Unidentified gunmen seized 317 schoolgirls in northwest Nigeria on Friday, police said, the second such kidnapping in little over a week in a region increasingly targeted by militants.
School kidnappings, first practiced by jihadist groups Boko Haram and Islamic State West Africa Province, have become endemic around the increasingly lawless north, to the anguish of families and frustration of Nigeria’s government and armed forces.
Police in Zamfara state, where the latest attack took place, said they had begun search-and-rescue operations with the army to find the “armed bandits” who took the girls at Government Girls Science Secondary School in the town of Jangebe.
Zamfara’s information commissioner, Sulaiman Tanau Anka, told Reuters the assailants came in firing sporadically during the 1 a.m. raid. “Information available to me said they came with vehicles and moved the students, they also moved some on foot,” he said.
It was the third such kidnapping since December.

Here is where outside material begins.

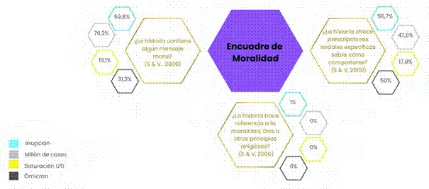 La imagen N°6 muestra los niveles de presencia de cada variable que compone el encuadre de moralidad en cada período analizado.

The rise in abductions is fuelled in part by sizeable government payoffs in exchange for child hostages, catalysing a broader breakdown of security in the north, officials have said, speaking on condition of anonymity.
The government regularly denies such payouts.
School abductions were first the domain of Boko Haram and Islamic State West Africa Province in the northeast, but the tactic has now been adopted by other militants in the northwest, whose agenda is unclear.
There was no immediate claim of responsibility for Friday’s raid.